本記事では、マイクロサージャリーについて、基礎知識や手術例を挙げながら、詳しく解説いたします。

マイクロサージャリーとは?

マイクロサージャリーは、「マイクロ(micro・微細な)」と「サージャリー(surgery・手術)」からできた言葉で、微細な外科手術のことをいいます。

通常、手術は肉眼で行いますが、マイクロサージャリーでは手術用の顕微鏡や、人間の髪の毛よりも細い針つきの縫合糸を使用します。これらを使って、1.0mmほどの血管をつなぎ合わせるなどの微細な手術を行うのが、私が専門としているマイクロサージャリーの分野です。

手術で顕微鏡が使われたのは、1921年スウェーデン・ストックホルムで行われた耳鼻咽喉科の手術が最初だといわれています。当時の手術用顕微鏡は、片目で見る単眼用のものでしたが、その後使用される器具も大きく進化し、現在は双眼用(両眼)顕微鏡が開発され使用されています。

その後、眼科や脳神経外科でも行われるようになり、1960年にはアメリカで顕微鏡下での血管吻合(ふんごう)手術が行われました。この時の執刀医であったバーモント大学のジェイコブソンが初めて「マイクロサージャリー」という用語を使ったといわれています。

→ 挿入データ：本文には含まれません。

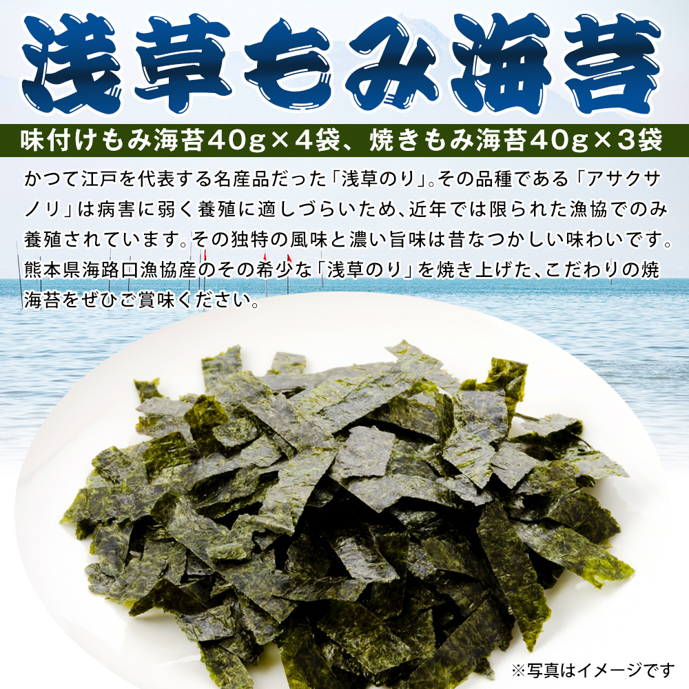 ●セット内容/<味付けもみ海苔>40g×4袋<焼きもみ海苔>40g×3袋 ●賞味期限/製造日から常温1年 ●加工地/日本 ●原材料/<味付けもみ海苔>乾海苔<焼きもみ海苔>乾海苔 ●特定原材料/<味付けもみ海苔>なし<焼きもみ海苔>なし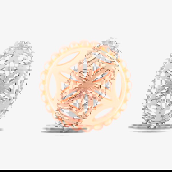 A pretty Rosa Lea charm made from sterling silver and plated in rose gold composed of a rounded shape with an openwork symmetrical flower in the centre and a beaded pattern along the sides.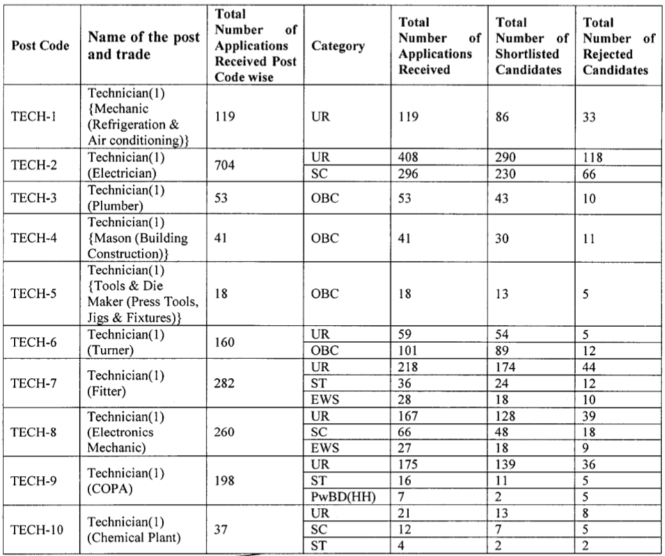 Summary of Applications for the post of Technician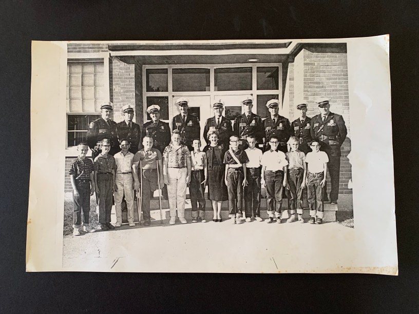Top row left to right Frank Eisnaugle (father of Mike Eisnaugle pictured in front rown with crutches), Dennis Baisden, Myron Williams, Herman Stiles, Chief Elba Ross, Robert Lewis, Charles Rice, Alfred Richards, Carl Barnett.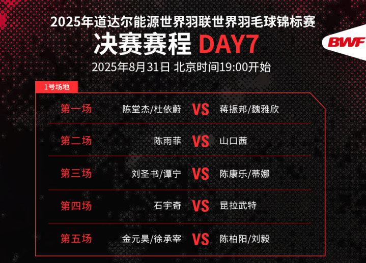 北京时分今天(31日)19:00体育录像/图片,2025年羽毛球世锦赛各单项决赛开战,国羽将冲击沿路五个单项冠军。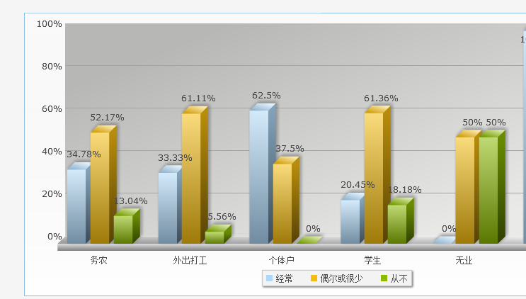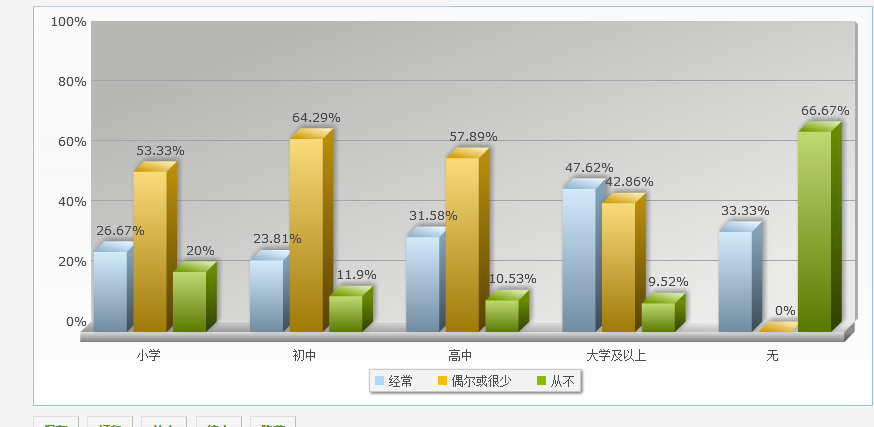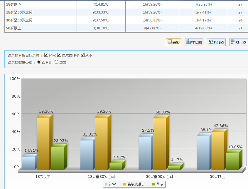 我们的问卷中设置了一系列相关问题,然后根据答案选择的人数进行相应的数据分析总结,最后得出相应的结论。具体问题和统计结果如下: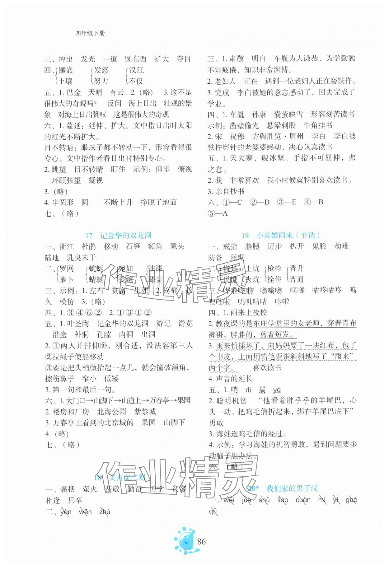 注:目前有些书本章节名称可能整理的还不是很完善,但都是按照顺序排列的,请同学们按照顺序仔细查找。练习册 2025年语文同步学与练四年级下册人教版 答案主要是用来给同学们做完题方便对答案用的,请勿直接抄袭。

以来マイクロサージャリーは、四肢の血管や神経の修復など、再建外科の分野でも応用されるようになり、今日に至ります。

マイクロサージャリーでは、直径1.0mmほどの血管や神経を縫い合わせる(吻合する)など、非常に繊細な手術が行われます。そのため、使用される器具も繊細で、微小な手術を可能にするために進化してきました。直径0.5mm以下の吻合を行う場合をスーパーマイクロサージャリーと呼びます。

マイクロサージャリーで使用する器具をご紹介します。

針付縫合糸

針は50~100ミクロン(ミクロンは、1000分の1ミリのこと)、糸も10~20ミクロンの太さの大変微細なものが用いられます。人間の毛髪がおよそ150ミクロンほどなので、比較するとその細さがおわかりいただけるかと思います。

手術用顕微鏡

マイクロサージャリーで用いられる手術用顕微鏡は、血管や神経など、肉眼ではとらえにくい臓器や組織を立体的に見ることができ、手術の成功に不可欠です。

手術用顕微鏡下では、血管や神経が10倍から20倍ほどに拡大され3Dで見ることができ、確実につなぎ合わせることが可能になります。

高性能レンズや照明などの進化により、手元が明るく、影がないクリアな画像で確認することができるので、血管や神経などを一本一本分け必要な組織は残すといった、安全で確実な手術ができるのです。

ドプラ(ドップラー)血流計

ドプラ血流計は、皮膚の表面から0.5mmにある毛細血管内の血の流れを、近赤外光を使って測定できる装置です。管を入れたり、皮膚を切ったりすることなく測定できるため、患者様の体に負担が少ない方法になっています。

血流量だけでなく、血球量、血流速度なども確認することができるので、マイクロサージャリー手術で血管吻合後に血流のモニタリングのために使用します。

マイクロサージャリーよりさらに細い血管や神経をつなぎ合わせる、高度な技術が必要な手術がスーパーマイクロサージャリー(超微細手術)です。太さ0.5mm以下の血管や神経などを、0.05mmの専用針を使ってつなぐ手技は、マイクロサージャリーよりさらに高度で熟練した技術が求められます。そのため、この手技を習得し、手術が可能な医師はほんの一握りです。

マイクロサージャリーは、心臓・脳の手術をはじめとして、一般外科、形成外科、眼科、整形外科、腎泌尿器外科、婦人外科、神経外科、口腔外科など、さまざまな分野でその効果を発揮しています。

マイクロサージャリーの難易度

手術は、その難しさや必要な技術度について、A~Eの5段階で区分されています。D群に区分される手術は、専門医や指導医取得者が実施するレベル、E群になるときわめて難易度が高く、国内でもごく一部の外科医または施設でしか実施できない手術とされています。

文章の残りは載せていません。